Closure of a public road during winter months
In 1983 following three requests for assistance from people stranded by snow on a mountain road, a Council decided in the interests of public safety to temporarily close the road each year between April and October. However, the road had provided access during the winter months to Crown Land that was used by a mountaineering club for snow caving and ski-touring recreation. When the Council locked a gate some distance below the winter snowline and provided a key to the run-holder only, the mountaineering club asked the Ombudsman to investigate the road closure. The mountaineering club contended that the Council’s closure was invalid because it did not have the power to close the road for reasons of public safety.
The Ombudsman’s investigation revealed that the Council had closed the road under Clause 13 of the Tenth Schedule to the Local Government Act 1974. The provision may be summarised in this case in terms that a Council may close any road where it appears to it that owing to climatic conditions the continued use of the road may cause damage to it.

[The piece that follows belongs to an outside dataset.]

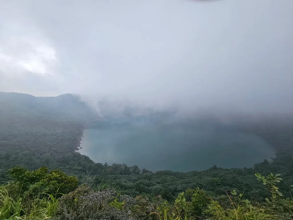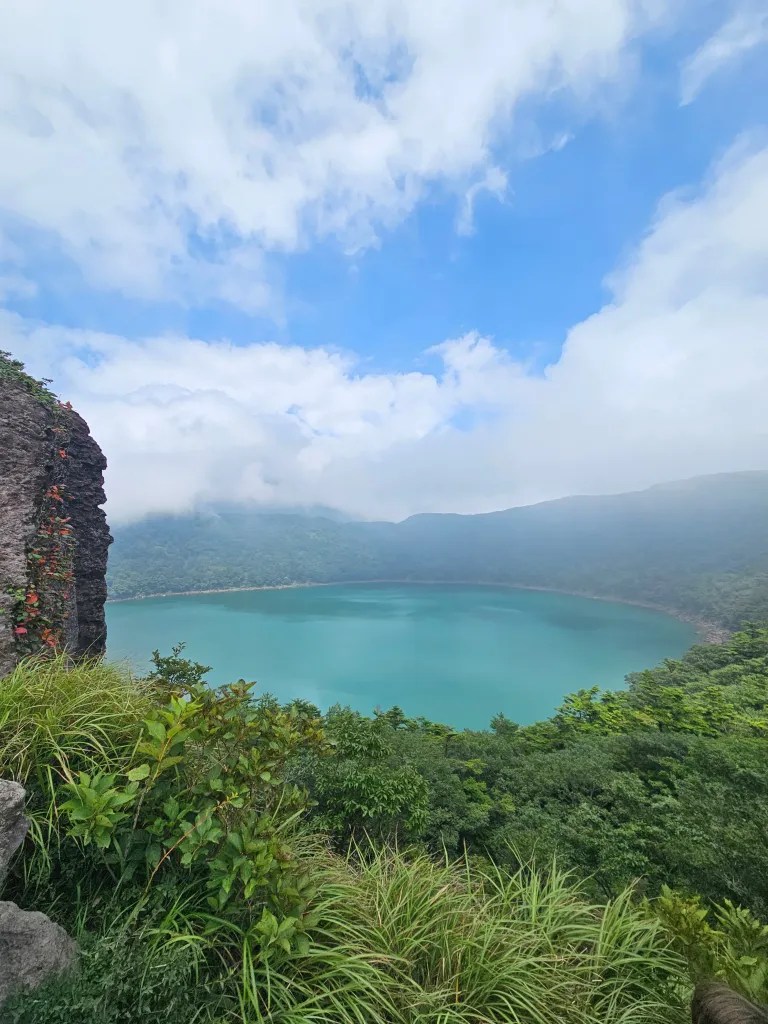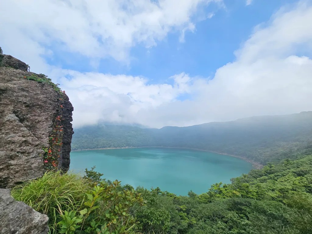 Une fois en haut, une boucle fait le tour du lac mais nous n’avons pas le temps de la finir car nous allons à un rythme enfantin. Ce n’est pas bien grave, il y a des nuages, du brouillard et de la fumée et nous n’apercevons le lac que par intermittence. Nous sommes tout de même tous les trois heureux de pouvoir marcher en pleine nature, de nous dégourdir les jambes et de faire un peu d’effort. Finalement, nous avons laissé les vélos il y a quatre jours et ils commencent à nous manquer. Très tranquillement, nous redescendons pour prendre le bus de 16h06 et pour rejoindre l’hôtel. Nous avons pris un hébergement assez spacieux et sympathique. Il y a même un espace de jeux pour les enfants et plusieurs bains chauds, ce qui occupe bien notre soirée. Une fois Clémence couchée, nous pensons à l’après et nous arrêtons une décision : nous retournons en Corée du Sud le 12 Août.

While the Council’s concern for the public safety was fully appreciated it was apparent that this clause was not the appropriate instrument through which it could resolve that concern. Clause 13 specifically related to the closure of roads owing to climatic conditions and the resultant damage that can be done to a road; it did not include the public safety factor which was the basis for the Council’s decision. As the Council had not closed the road because its use in the climatic conditions could damage it but because of a concern for public safety, the Ombudsman formed the view, in accordance with section 22(1) of the Ombudsmen Act 1975, that the road closure appeared to be contrary to law.
At the same time it was also apparent that there were avenues of redress open to the mountaineering club in respect of the matter in the form of renewed dialogue with the Council. The Ombudsman suggested that through such discussions, any closure of the road contemplated under Clause 13 of the Tenth Schedule, should take into account the possibility that the public could have unrestricted access to that part of the road which is gravelled and is therefore unlikely to be damaged during the period of road closure, as far as a gate where the gravelled road ends and where the snowline in winter often lies.
Accordingly the investigation was discontinued under section 17(1)(a) of the Ombudsmen Act 1975 on the basis that there was an existing administrative practice in the form of further discussion with the Council to which it was reasonable for the mountaineering club to resort.
This case note is published under the authority of the Ombudsmen Rules 1989. It sets out an Ombudsman’s view on the facts of a particular case. It should not be taken as establishing any legal precedent that would bind an Ombudsman in future.